RECORDS TO USE -
·····

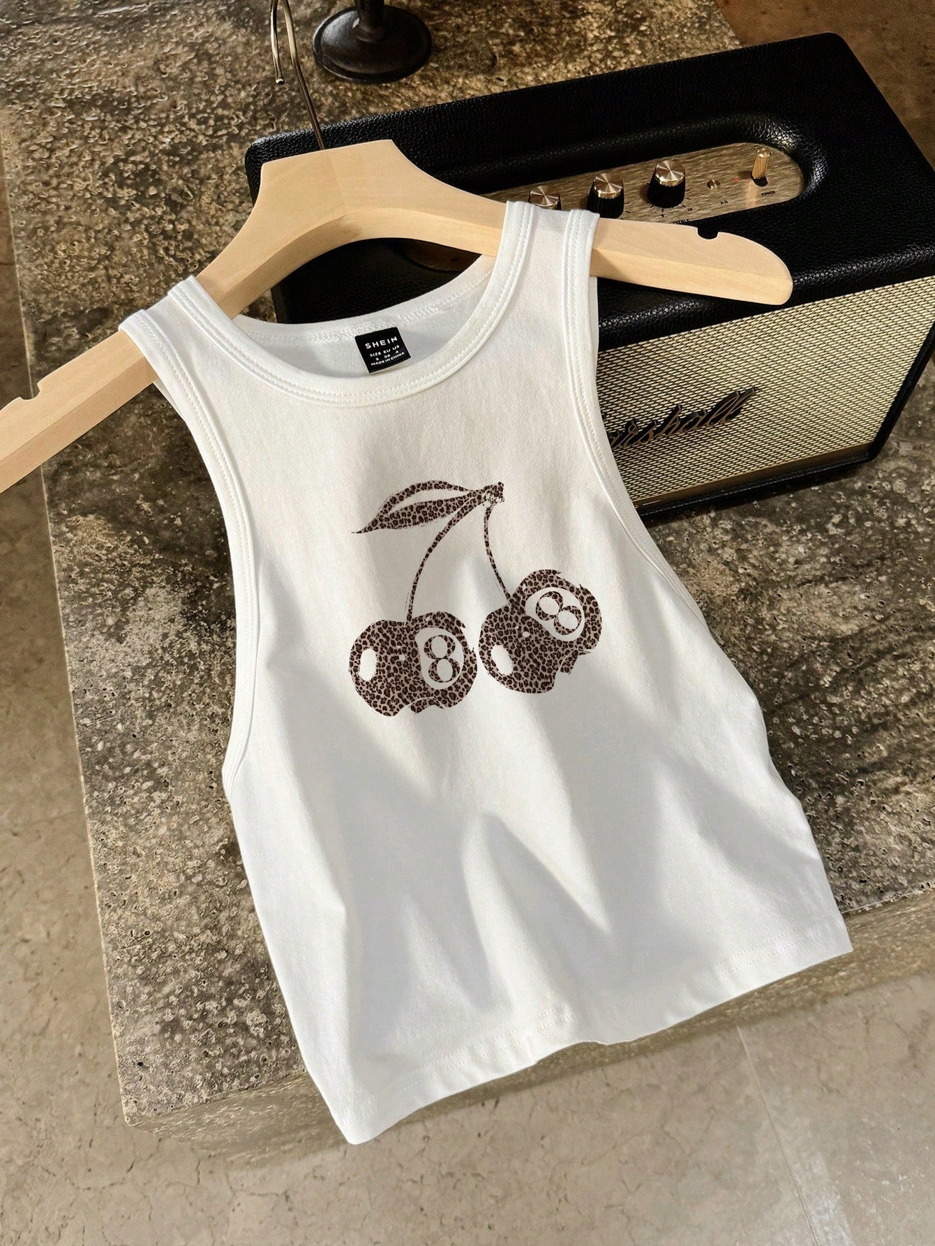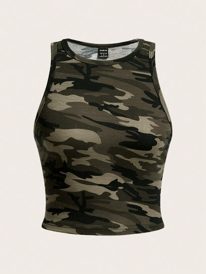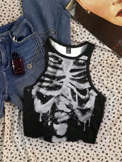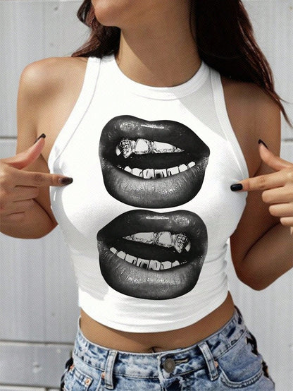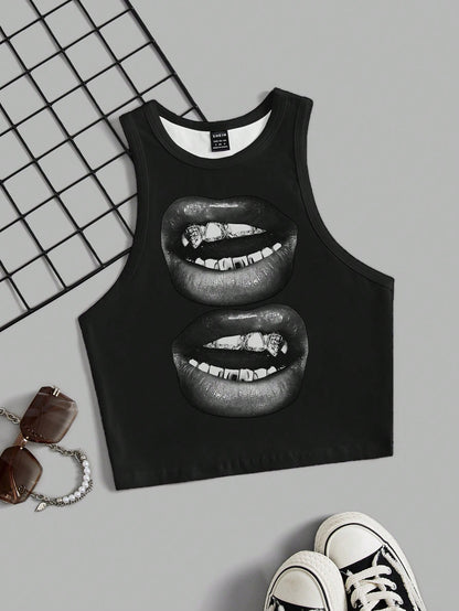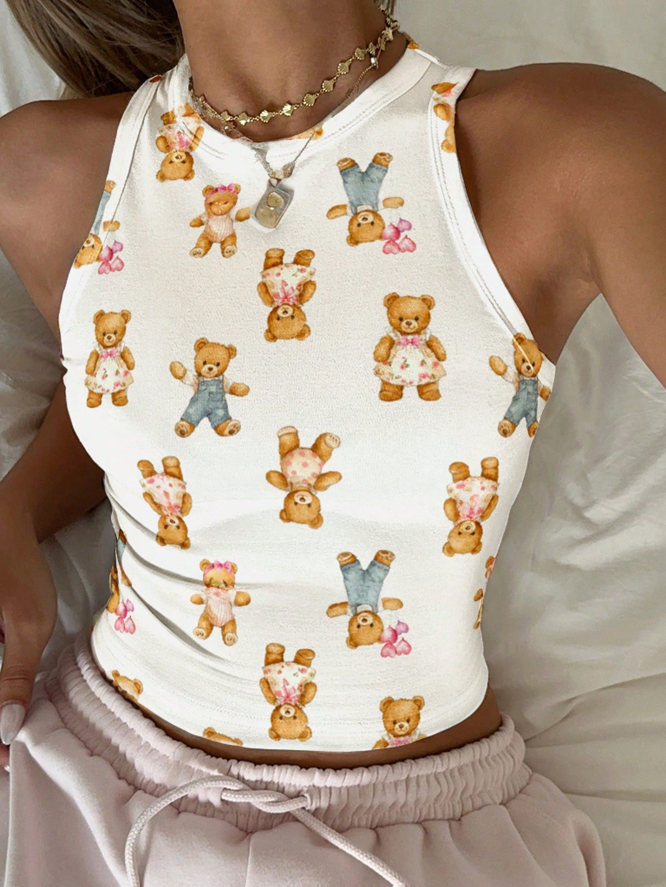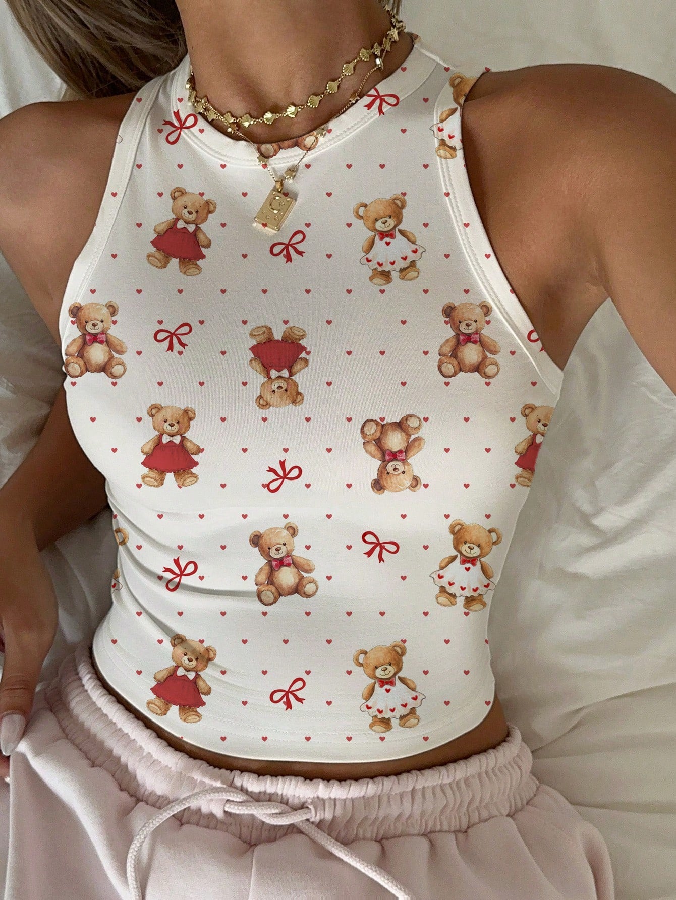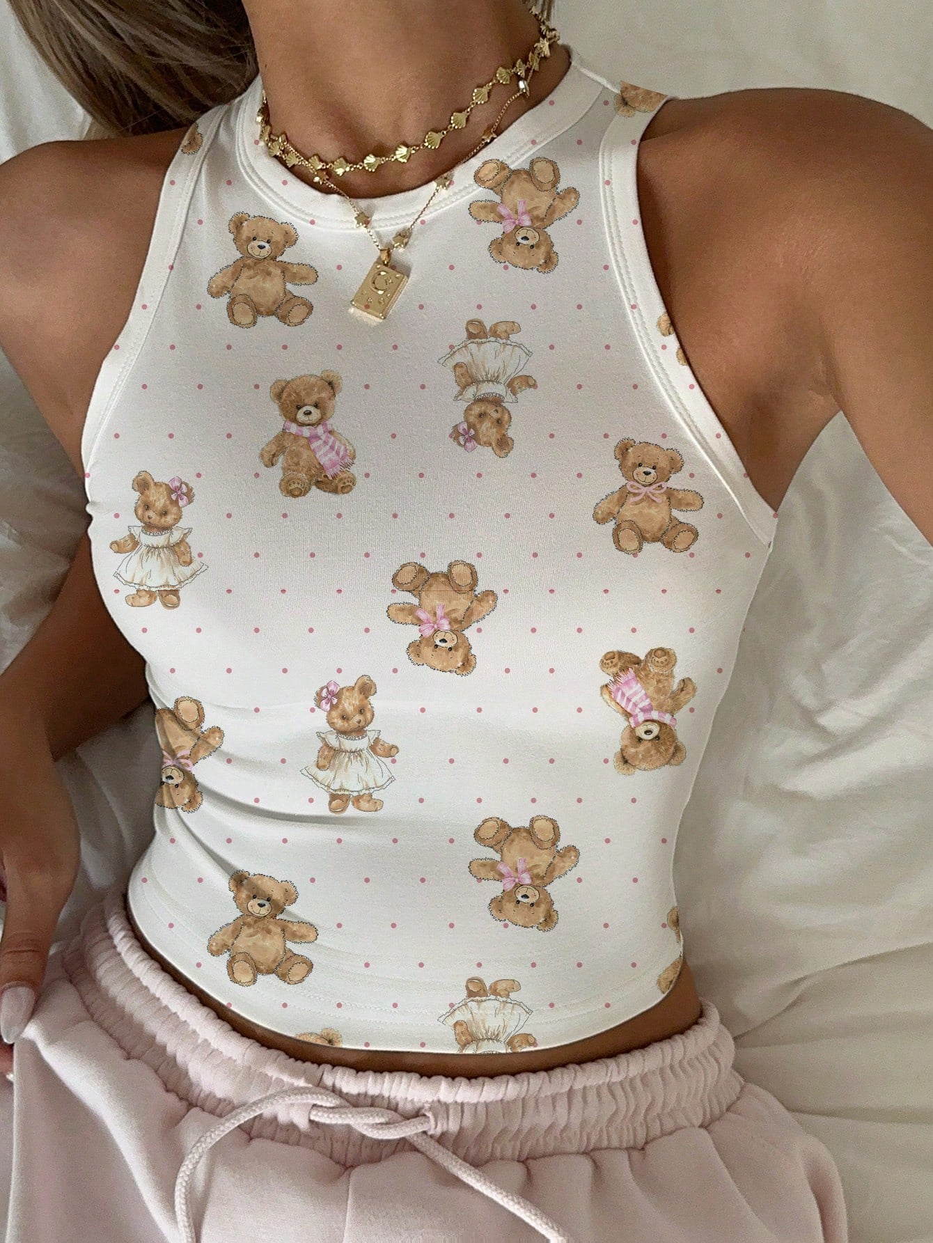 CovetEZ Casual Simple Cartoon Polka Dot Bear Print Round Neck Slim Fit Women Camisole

·····

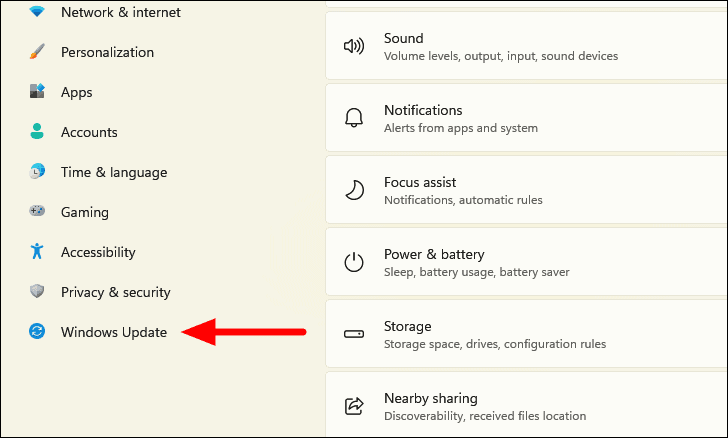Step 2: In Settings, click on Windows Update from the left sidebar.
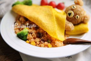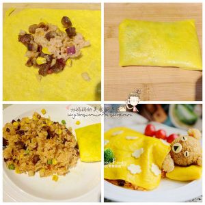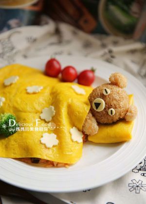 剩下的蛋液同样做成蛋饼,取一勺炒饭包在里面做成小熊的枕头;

·····

TASK TO COMPLETE - Give back exactly, and solely, the section of the data above bounded by the line containing "Step 2: In Settings, click" and the line containing "剩下的蛋液同样做成蛋饼,取一勺炒饭包在里面做成小熊的枕头;", both bounding lines included and pictures omitted.

EXERCISE RESPONSE -
Step 2: In Settings, click on Windows Update from the left sidebar.
 剩下的蛋液同样做成蛋饼,取一勺炒饭包在里面做成小熊的枕头;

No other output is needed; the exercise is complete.